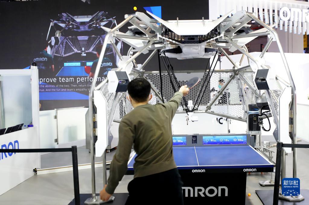11月5日,參觀(guān)者在第五屆進(jìn)博會(huì )技術(shù)裝備展區與“乒乓球機器人”互動(dòng)。
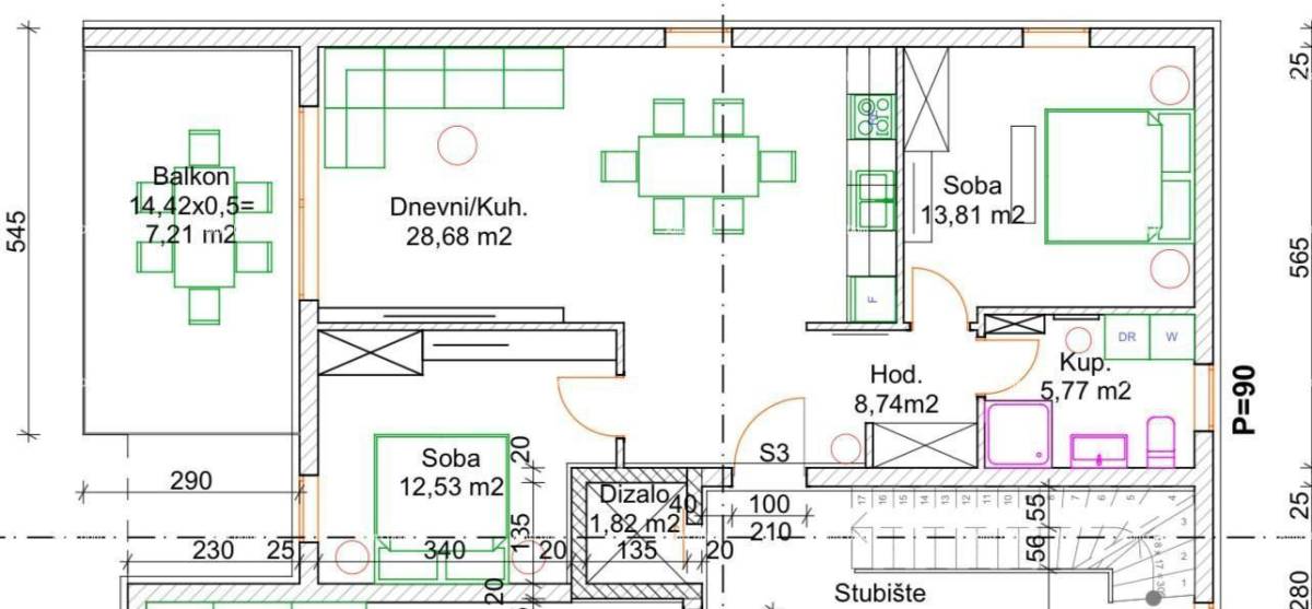• prostrani dnevni boravak s kuhinjom i blagovaonicom
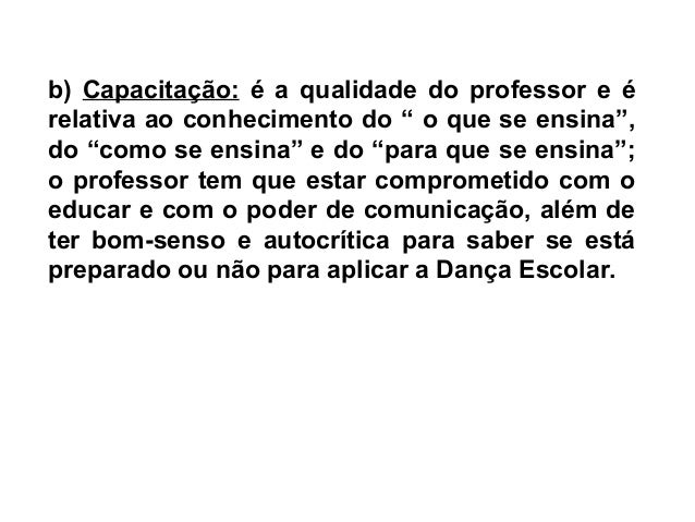 5. 5. b) Capacitação: é a qualidade do professor e é relativa ao conhecimento do “ o que se ensina”, do “como se ensina” e do “para que se ensina”; o professor tem que estar comprometido com o educar e com o poder de comunicação, além de ter bom-senso e autocrítica para saber se está preparado ou não para aplicar a Dança Escolar.

■ Exercise description ■
Leaving every picture out, write out exactly the lines from the beginning of the listing above to the line with "kuhinjom i blagovaonicom", inclusive.

■ Result below ■
11月5日,參觀(guān)者在第五屆進(jìn)博會(huì )技術(shù)裝備展區與“乒乓球機器人”互動(dòng)。
• prostrani dnevni boravak s kuhinjom i blagovaonicom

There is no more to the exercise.